自分の人生を「好きだ」と言い切って生きている人、死んでいく人を増やしたい。
創業からずっと変わらない理念として、これからも守っていきますが、創業10年目を終えた節目の振り返りとして、その意味を改めて伝えたいと思います。
自らの人生を「好きだ」と言い切れないで死んでいかないで欲しい
私達は、常に社会から「正しくあれ」と教えられて生きてきました。
学校も、家庭も、会社も、社会も、そのほとんどが「正解」ありきの教育を推進してきました。
もちろん私も例外ではありません。
しかし、それが招いたものは「正解」に答えることに縛られ、自らの人生を自由に「好きだ」と言い切れない人達を大量に生み出してきたのではないかと考えています。

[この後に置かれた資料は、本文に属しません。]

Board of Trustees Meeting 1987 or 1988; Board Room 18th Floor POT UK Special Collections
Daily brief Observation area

そして、5年半前にそれを象徴するかのような人生を歩んできた父を失った経験から、さらに「正解」を求める生き方に対する強い疑念こそが、私の経営理念の原点となっているのだと思います。
父の正しい選択
父は幼少期から家庭の事情でひねくれていた部分があったようで、中学を卒業するとすぐに全国放浪の旅に出たようです。

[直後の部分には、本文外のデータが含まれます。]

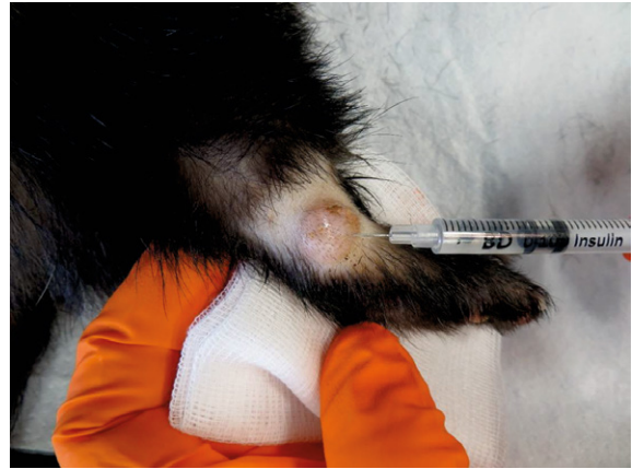
FIGURE 4. Intralesional injection of bleomycin into mast cell tumour (Tumour 2) located laterally on the right hock. Note the size of tumor and surgically challenging anatomical location.

In the first patient, both masses were diagnosed as MCTs, and in the second patient, squamous papilloma of hock region and sebaceous adenoma of chest region were diagnosed. Haematology,

歌手を目指してスナックで流しをしながら転々としていたらしく、夢に向かって素直に生きていたというのを後で聞いて驚きました。
しかし、封建的な考えを持つ私の曾祖母は真面目に仕事をして家庭をもって一人前の男にならなければいけないと、父を放浪の旅から呼び戻し、親戚が経営していた西陣織の機織職人として仕事を与えました。
その後、母親とお見合いをして結婚しました。
この父の選択は、世間的には「正しい」人生のありかただったのだと思いますし、誰も否定のしようがなかったと思います。
私も幼いながらにも決して裕福ではないものの、優しい父と母に愛情を込めて育ててもらったかすかな記憶が残っています。
昭和バブル崩壊
しかし、その幸せな瞬間も昭和バブルの崩壊とともに音を立てて崩れ去っていきました。
それまで隆盛を誇っていた西陣織も一気に斜陽産業へと衰退していき、機織機を回せど回せど一向に収入にはつながらず、手仕舞いするしかなくなりました。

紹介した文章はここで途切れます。